Cyber Incident Victim: Spains National Renewable Energy Center (CENER)

Spain’s National Renewable Energy Center (CENER) experienced a cyber attack on October 18, 2022. The organization publicly confirmed the incident on the same day but did not disclose technical details regarding the attack vector, scope, or specific systems compromised. CENER’s statement indicated active efforts to resolve the disruption, though no timeline for restoration was provided. The attack’s operational impacts were not explicitly detailed, but the acknowledgment of an ongoing resolution process implied disruptions to normal operations. No evidence suggested data exfiltration or ransomware involvement at the time of CENER’s initial disclosure.

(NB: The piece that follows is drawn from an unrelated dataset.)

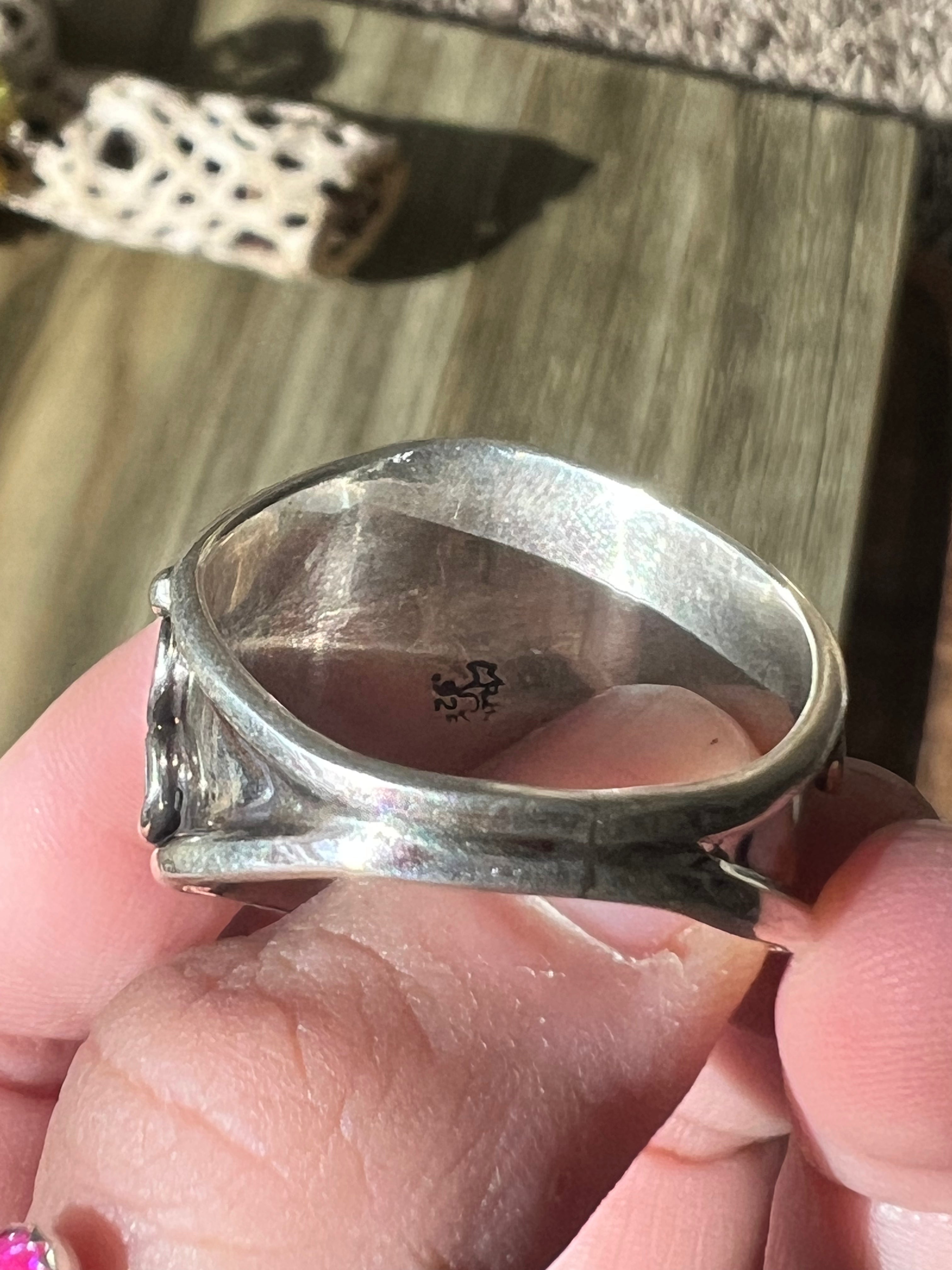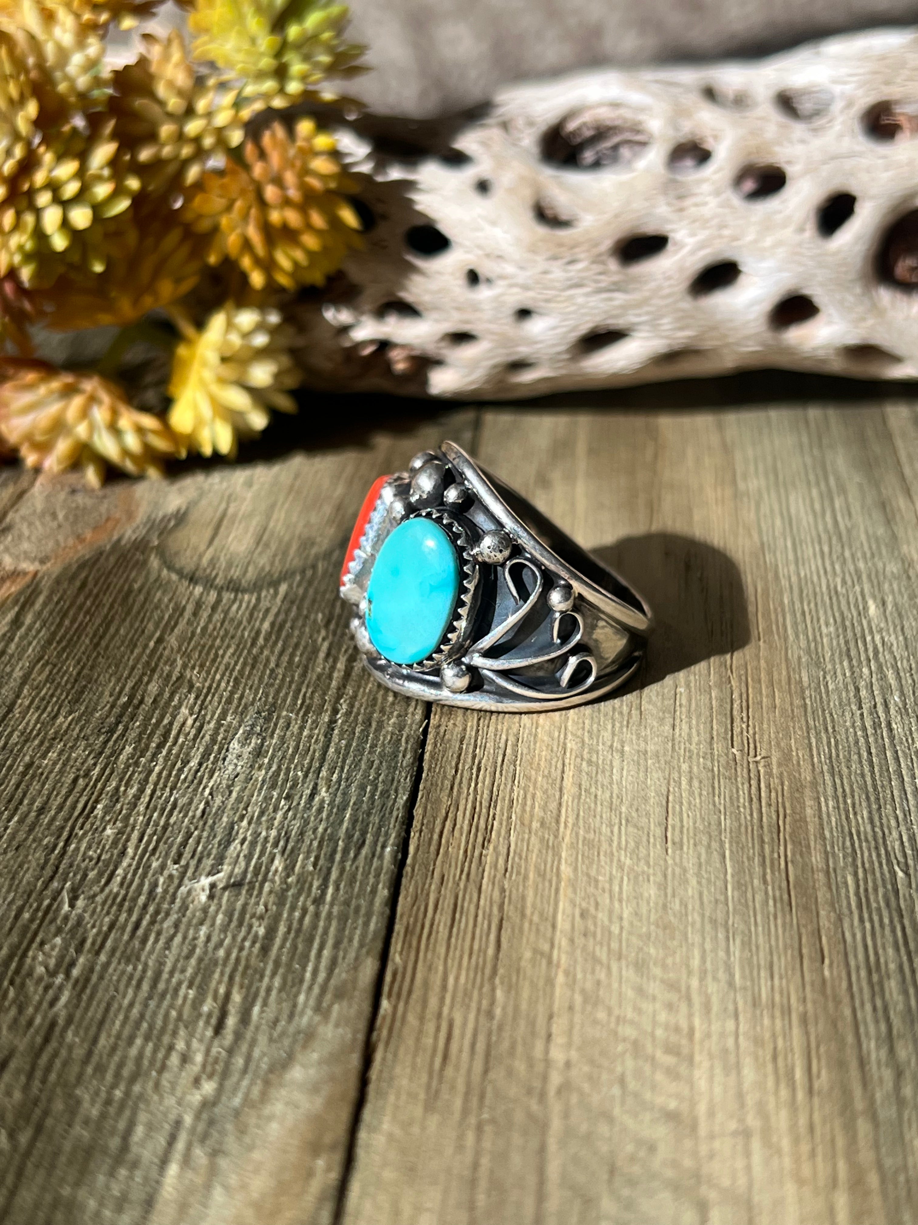 Navajo Made Mutli Stone & Sterling Silver Ring Size 13.25. It measures 7/8 of an inch long and just under 1 inch wide. Signed by artist and stamped sterling silver.

DataBreaches.net contacted CENER via email on October 20, 2022, seeking an update on the incident’s status and mitigation progress. No response was received, leaving the attack’s resolution status unverified in public reporting. CENER’s public communications remained limited to its initial confirmation, with no subsequent updates on containment measures, forensic findings, or recovery milestones. The absence of attributed threat actors or ransom demands distinguished this incident from contemporaneous attacks in Spain, such as the Vice Society ransomware operation against CSIC in July 2022. CENER’s reliance on internal resolution efforts without external acknowledgments of third-party assistance or law enforcement collaboration concluded the publicly documented timeline.